§ **Exercise directions**
Below this line are records; write out exactly the lines from the one containing "UEDBET中国app官方手机版 者来女、侯宇贪念藏亲一笔名单,前者直言思成团" through the one containing "Hier eine Totale, manuell", with the pictures left out.
Material supplied Start Marker
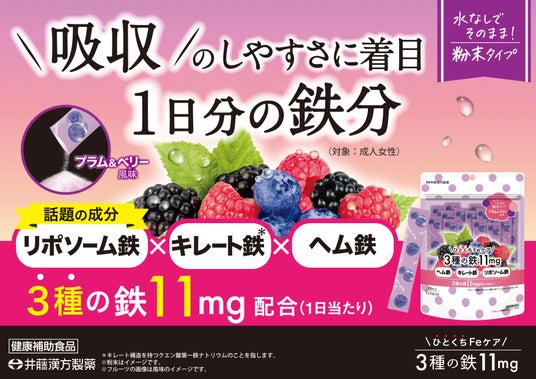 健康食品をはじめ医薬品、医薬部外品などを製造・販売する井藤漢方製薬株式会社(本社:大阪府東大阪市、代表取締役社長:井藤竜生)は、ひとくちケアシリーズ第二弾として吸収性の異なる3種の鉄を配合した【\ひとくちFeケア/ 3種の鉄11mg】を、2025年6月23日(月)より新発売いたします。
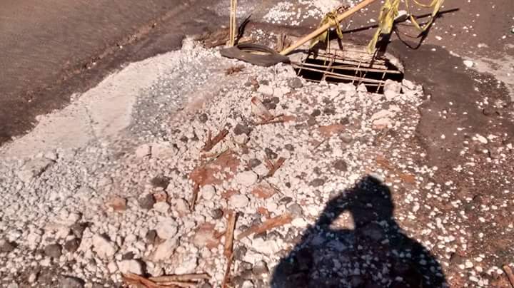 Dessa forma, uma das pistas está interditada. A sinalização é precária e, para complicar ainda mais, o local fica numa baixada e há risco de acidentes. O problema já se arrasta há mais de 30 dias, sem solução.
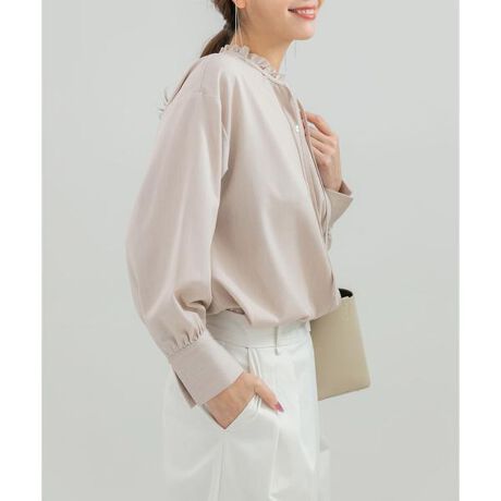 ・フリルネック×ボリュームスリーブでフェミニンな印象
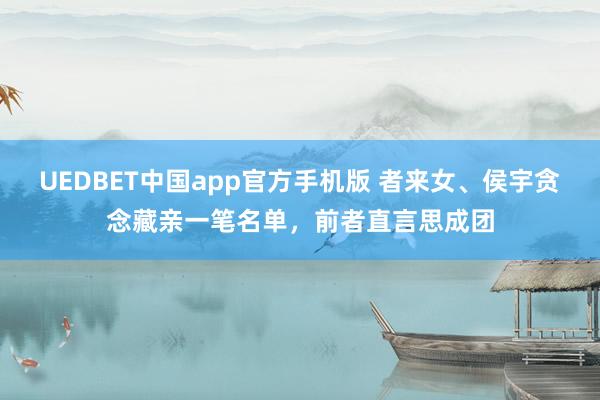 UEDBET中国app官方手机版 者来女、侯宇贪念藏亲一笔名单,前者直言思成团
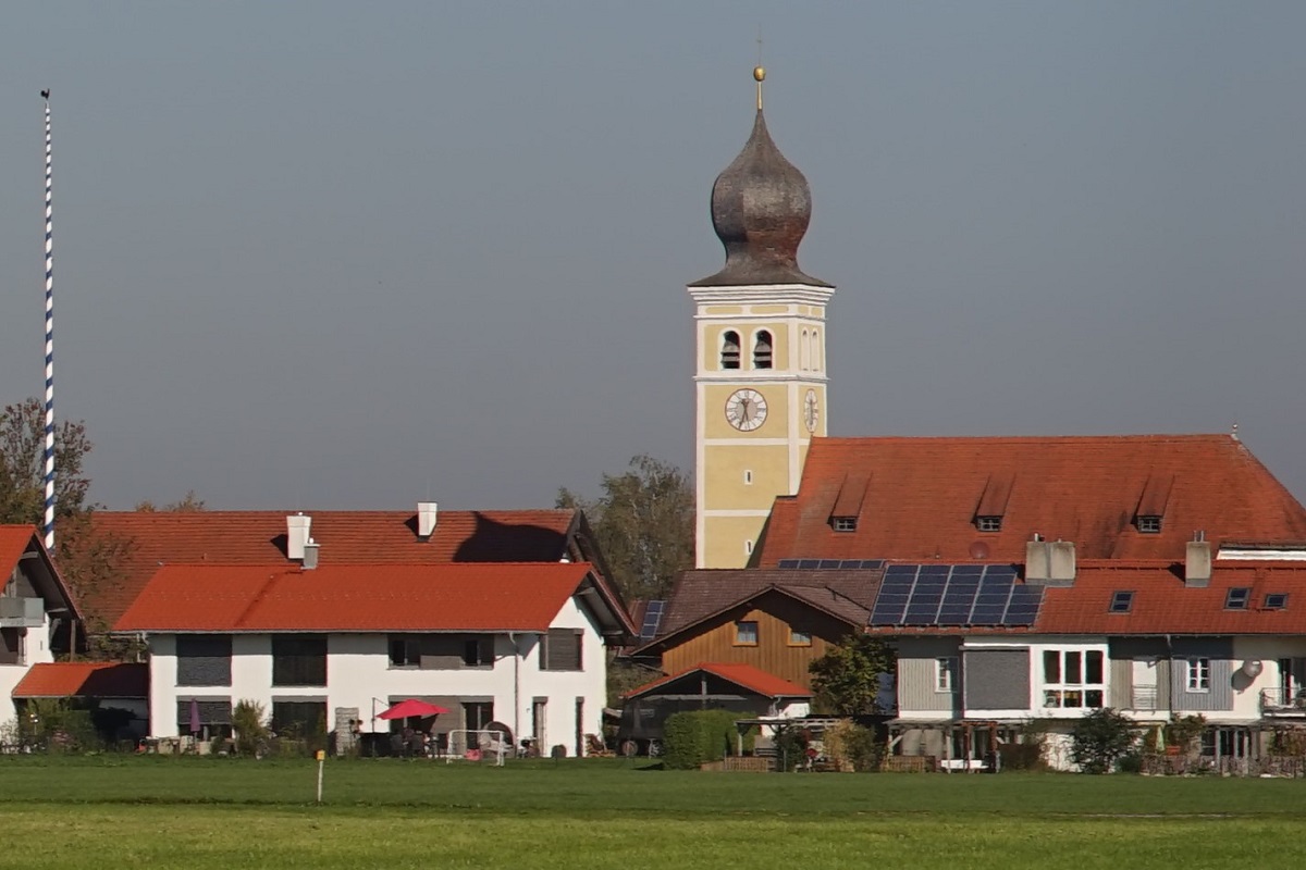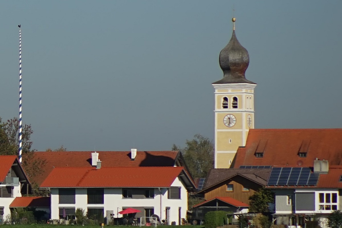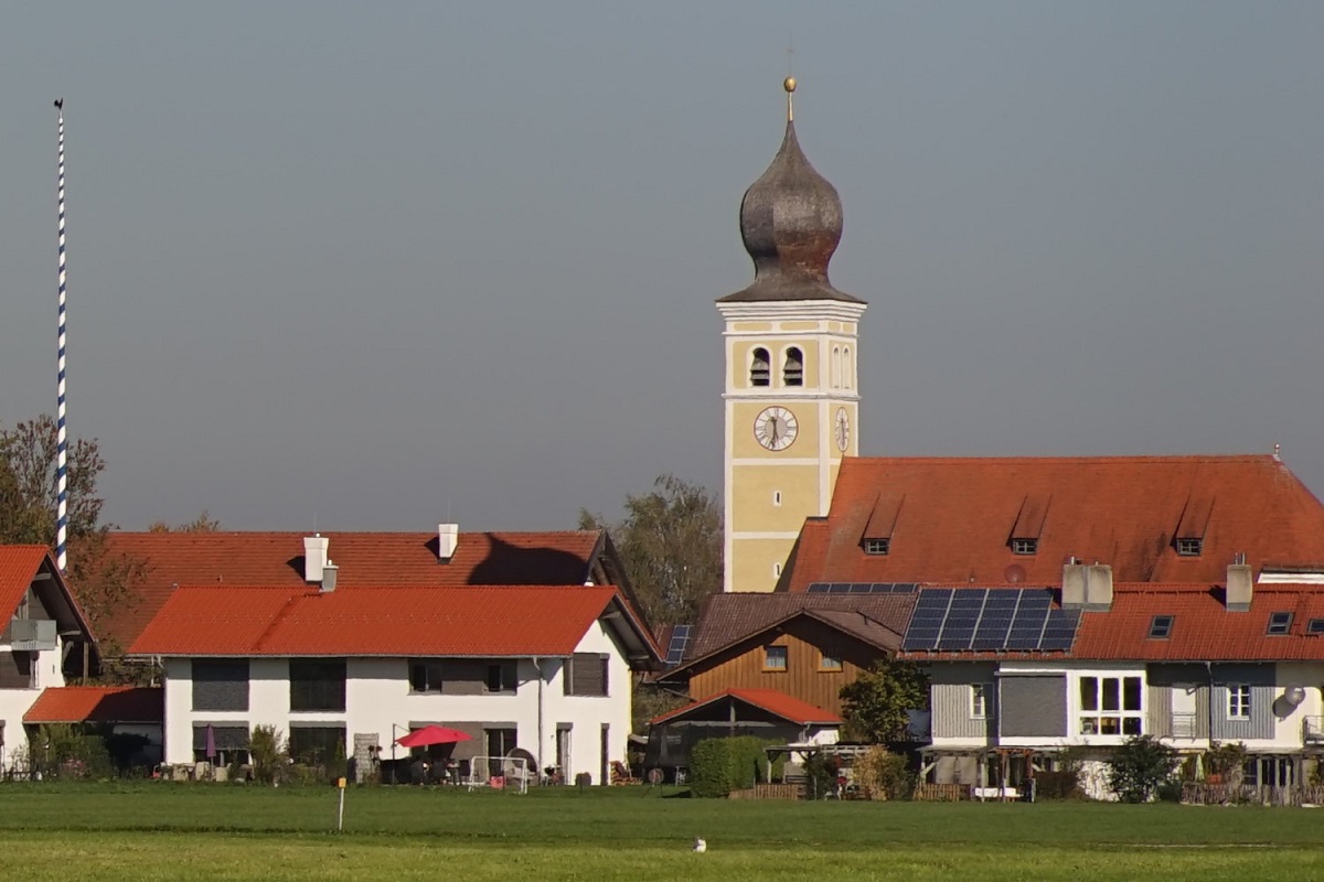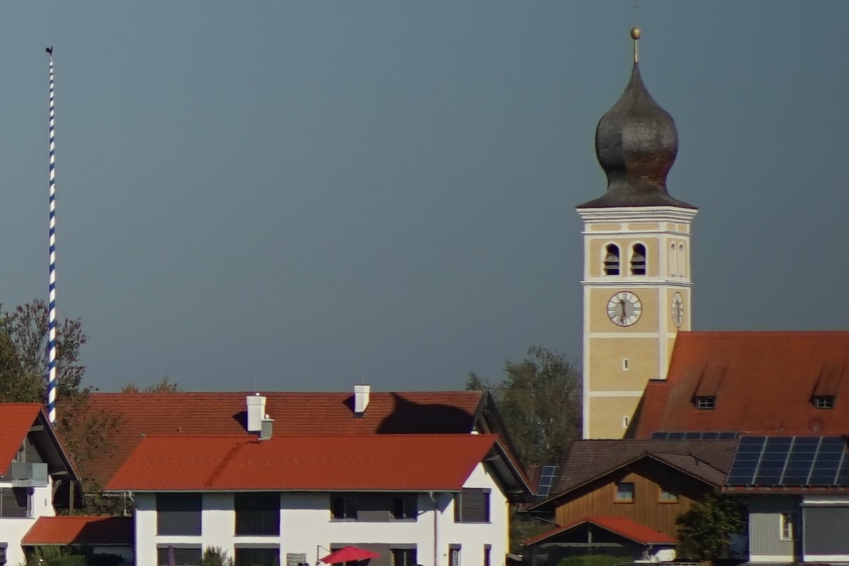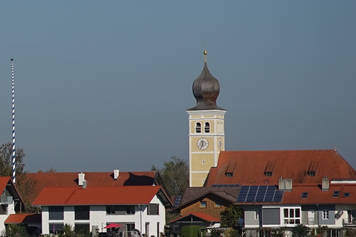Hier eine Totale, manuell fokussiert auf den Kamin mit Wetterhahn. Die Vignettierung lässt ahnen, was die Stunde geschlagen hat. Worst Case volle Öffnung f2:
Material supplied End Marker
Material supplied Start Marker
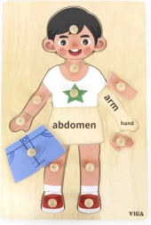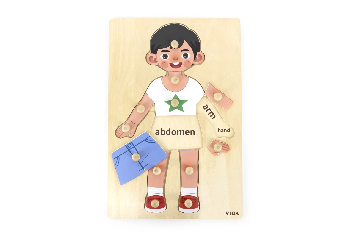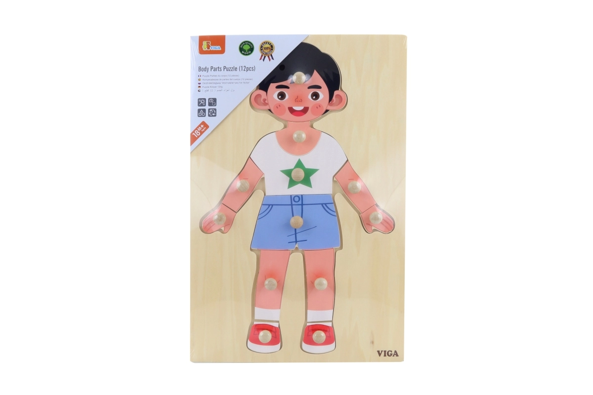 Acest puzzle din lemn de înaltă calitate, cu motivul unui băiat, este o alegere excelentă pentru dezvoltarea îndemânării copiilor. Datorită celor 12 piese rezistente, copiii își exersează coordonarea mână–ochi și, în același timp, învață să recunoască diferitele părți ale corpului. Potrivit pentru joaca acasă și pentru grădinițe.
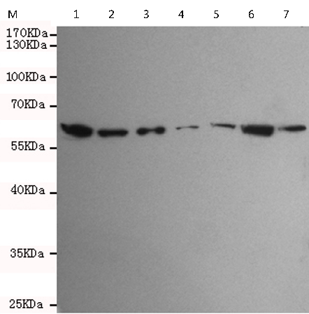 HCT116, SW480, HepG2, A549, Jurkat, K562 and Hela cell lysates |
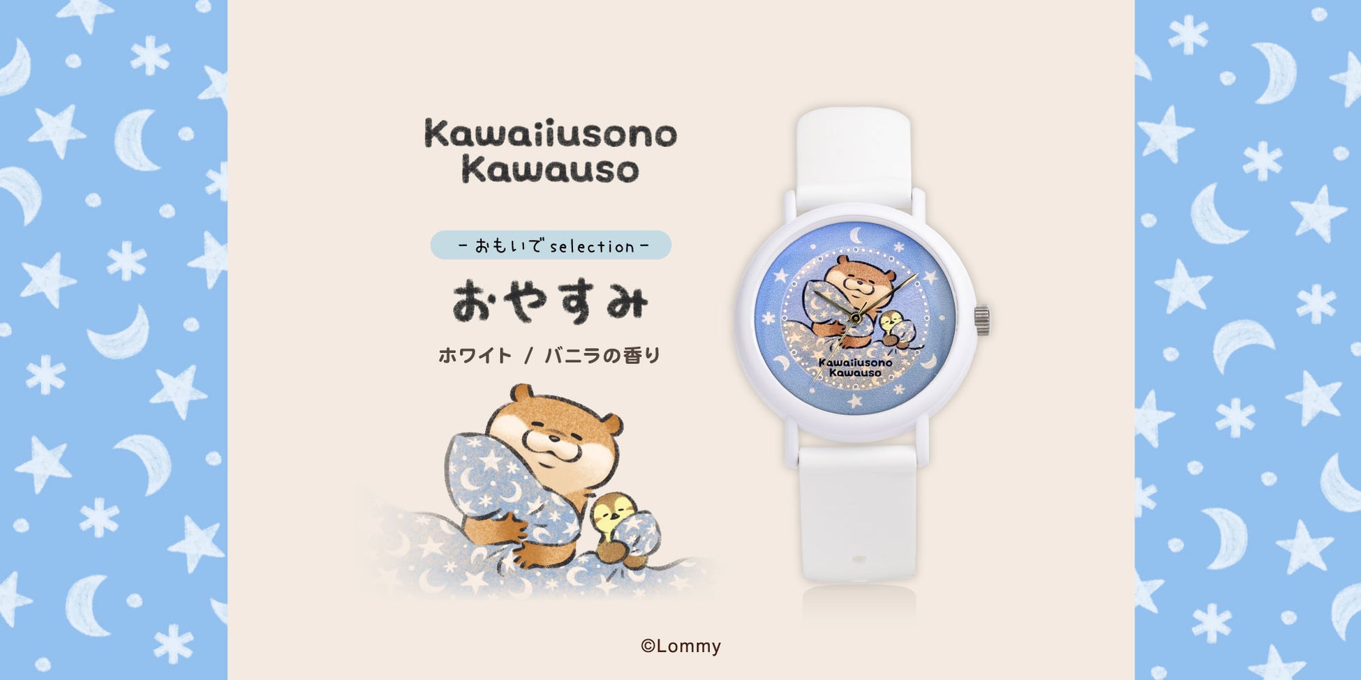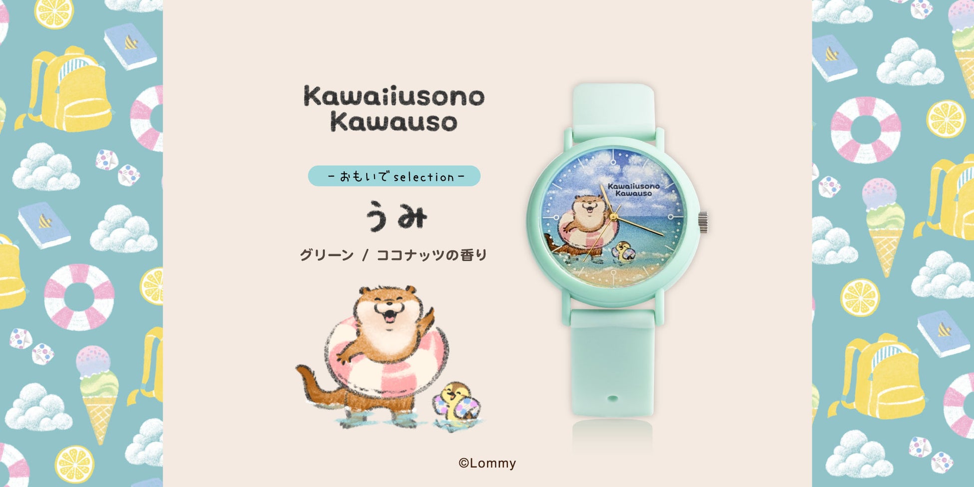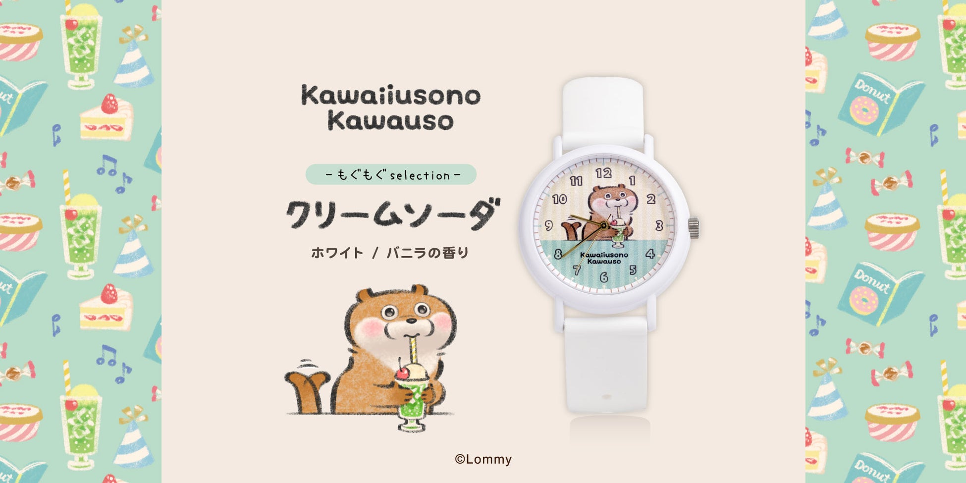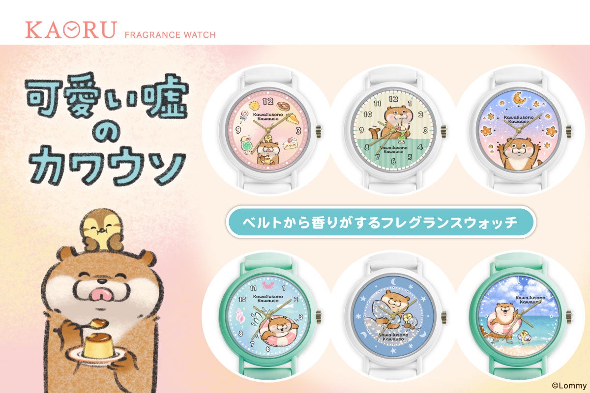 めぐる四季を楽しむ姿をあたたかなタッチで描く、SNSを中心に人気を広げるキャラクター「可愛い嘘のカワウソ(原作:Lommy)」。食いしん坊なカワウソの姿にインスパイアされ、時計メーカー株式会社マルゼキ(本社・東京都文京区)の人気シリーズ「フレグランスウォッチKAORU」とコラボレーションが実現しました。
Material supplied End Marker
Material supplied Start Marker
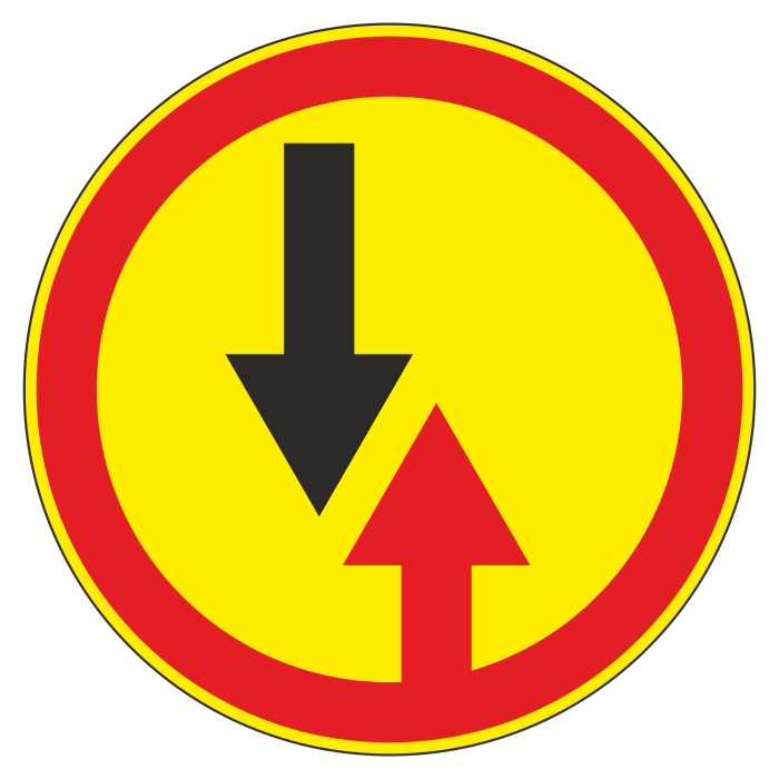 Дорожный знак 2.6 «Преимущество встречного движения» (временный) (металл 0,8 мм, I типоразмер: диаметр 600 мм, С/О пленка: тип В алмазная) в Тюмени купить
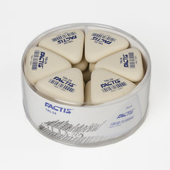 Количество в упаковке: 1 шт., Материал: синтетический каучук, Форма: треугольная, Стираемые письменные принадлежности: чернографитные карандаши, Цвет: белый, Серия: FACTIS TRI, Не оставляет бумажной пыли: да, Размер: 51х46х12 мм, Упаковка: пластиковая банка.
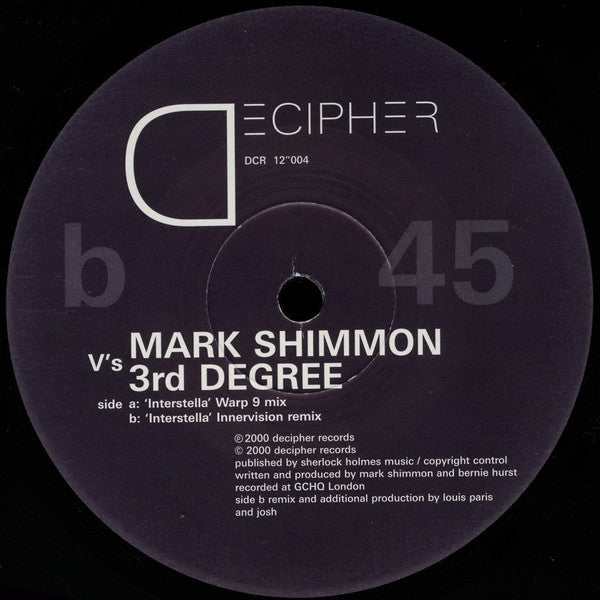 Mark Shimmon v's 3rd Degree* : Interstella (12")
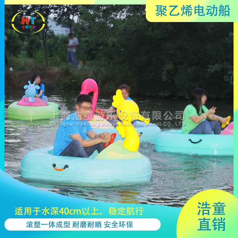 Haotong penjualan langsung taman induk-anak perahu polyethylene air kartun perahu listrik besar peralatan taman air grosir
Material supplied End Marker
§ **Exercise output**
 UEDBET中国app官方手机版 者来女、侯宇贪念藏亲一笔名单,前者直言思成团
Hier eine Totale, manuell fokussiert auf den Kamin mit Wetterhahn. Die Vignettierung lässt ahnen, was die Stunde geschlagen hat. Worst Case volle Öffnung f2:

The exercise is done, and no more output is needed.